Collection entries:
-- Opening Marker --

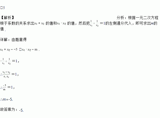若关于x的方程x2+5x+m=0的两个根分别为为x1,x2,且=1,则m=______.
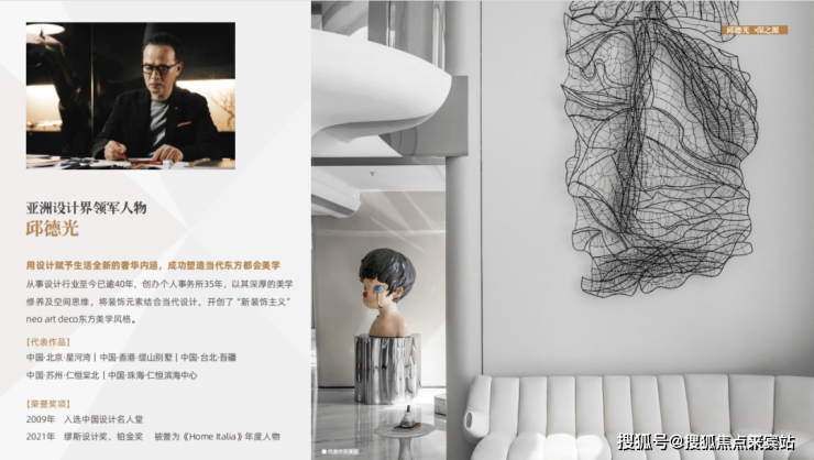 亚洲设计界领军人物邱德光,从事设计行业至今已逾40年,以其深厚的美学修养及空间思维,将装饰元素结合当代设计,开创了“新装饰主义”neo art deco东方美学风格,曾执笔北京星河湾、香港缇山别墅、台北吾疆等豪宅项目的设计。
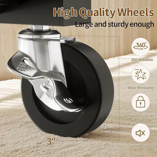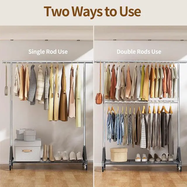 Double Rod & Bottom Shelves: With a double rod design, this rolling clothes rack offers ample space for hanging clothes. If you need to hang heavy coats or dresses, the second rod can be installed at the bottom. The bottom shelves of garment rack also provide convenient storage for shoes, storage boxes, and other items.
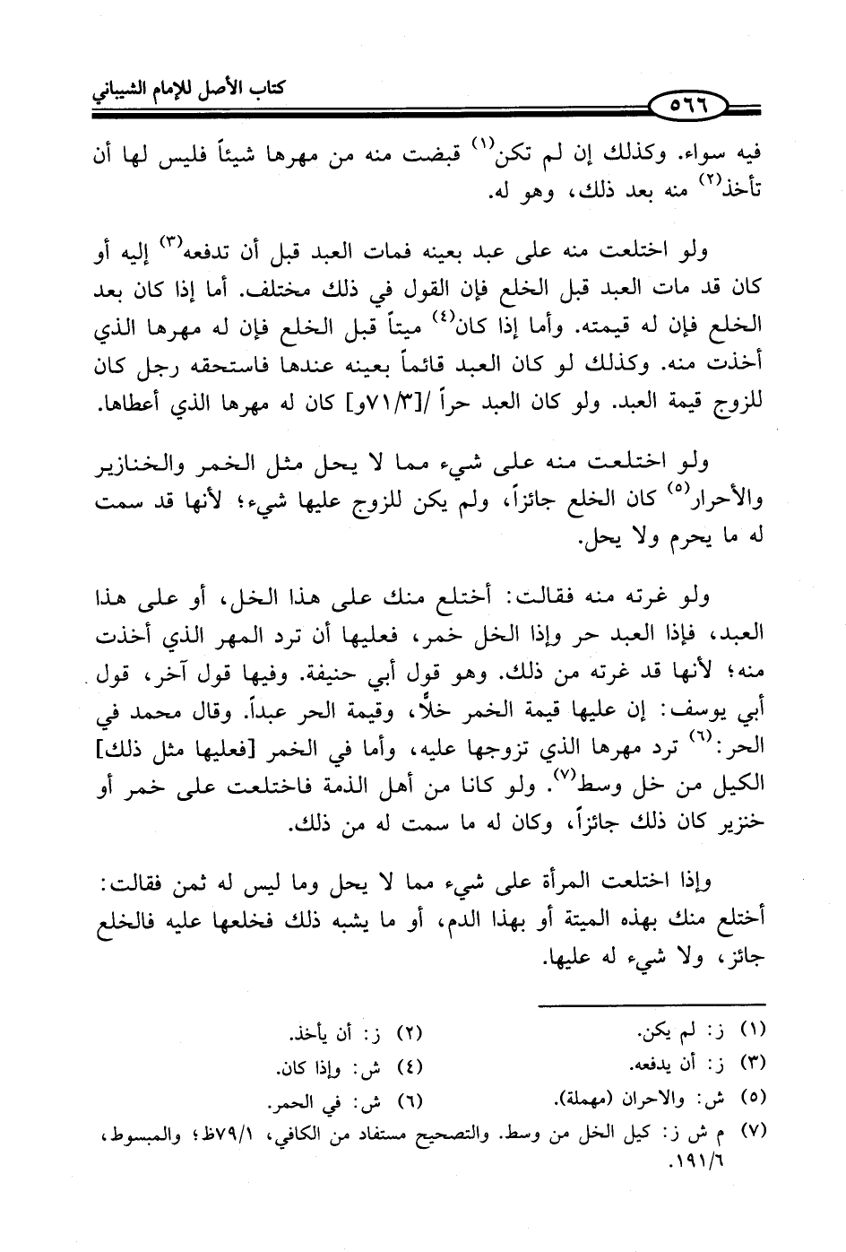 ولو غرته منه فقالت: أختلع منك على هذا الخل، أو على هذا العبد، فإذا العبد حر وإذا الخل خمر؛ فعليها أن ترد المهر الذي أخذت منه؛ لأنها قد غرته من ذلك. وهو قول أبي حنيفة. وفيها قول آخر، قول أبي يوسف: إن عليها قيمة الخمر خلاً، وقيمة الحر عبداً. وقال محمد في الحر: (¬6) ترد مهرها الذي تزوجها عليه، وأما في الخمر [فعليها مثل ذلك] الكيل من خل وسط (¬7). ولو كانا من أهل الذمة فاختلعت على خمر أو خنزير كان ذلك جائزاً، وكان له ما سمت له من ذلك.
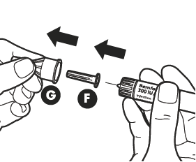 Ta av den ytre nålehetten (G). Behold den til senere. Du vil trenge den etter injeksjonen når du skal kaste pennen.
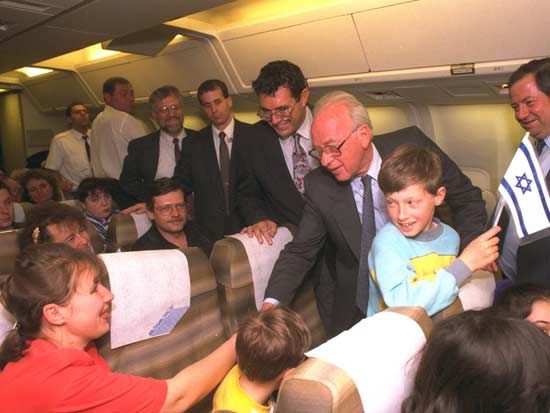 מקור וקרדיט לצילום : רה"מ רבין לוחץ ידי עולים מרוסיה / צילום: אבי אוחיון – לע"מ
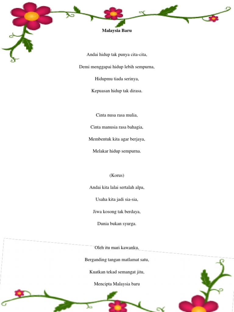 Malaysia baru malaysia baru andai hidup tak punya cinta pada bangsa maupun wanita hidup tak punya ertinya kenikmatan tidak dirasa cinta bangsa rasa mulia cinta wanita rasa bahagia menjadi kita penuh daya mencipta hidup sempurna korus andai kita lalai sertalah lupa masa akan lari sia sia jiwa kosong tak berharga dunia bukan syurga oleh itu. Andai hidup tak punya cinta pada bangsa maupun wanita hidup tak punya ertinya kenikmatan tidak dirasa. Lirik lagu nyanyian achey.
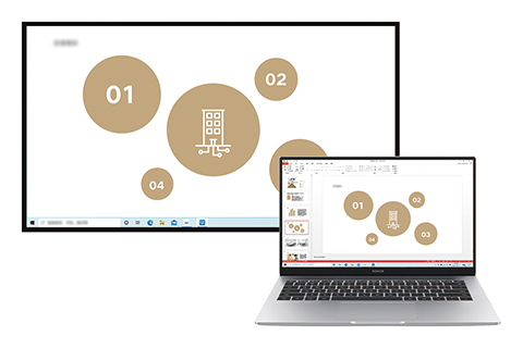 例如:您可以在电脑编辑PPT时,在大屏上预览幻灯片。
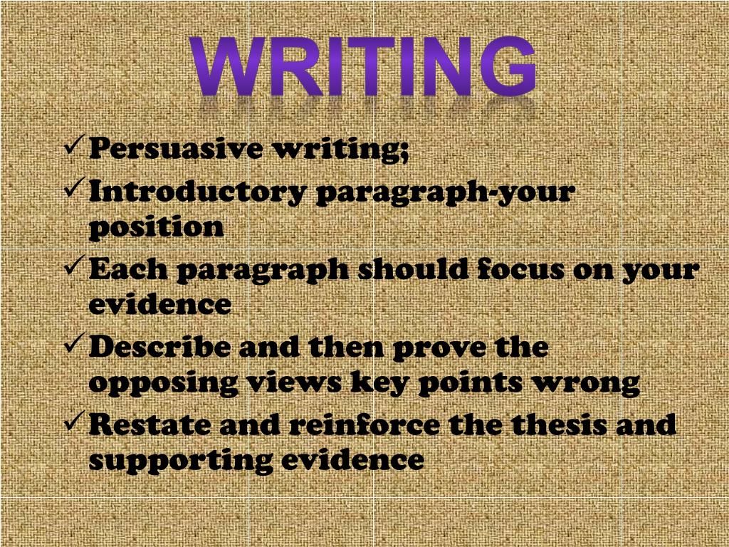 Writing • Persuasive writing; • Introductory paragraph-your position • Each paragraph should focus on your evidence • Describe and then prove the opposing views key points wrong • Restate and reinforce the thesis and supporting evidence

-- Closing Marker --

What is the exact wording of the lines from the one bearing "例如:您可以在电脑编辑PPT时,在大屏上预览幻灯片。" through the final line of the records above? Write it out without the pictures.

 例如:您可以在电脑编辑PPT时,在大屏上预览幻灯片。
 Writing • Persuasive writing; • Introductory paragraph-your position • Each paragraph should focus on your evidence • Describe and then prove the opposing views key points wrong • Restate and reinforce the thesis and supporting evidence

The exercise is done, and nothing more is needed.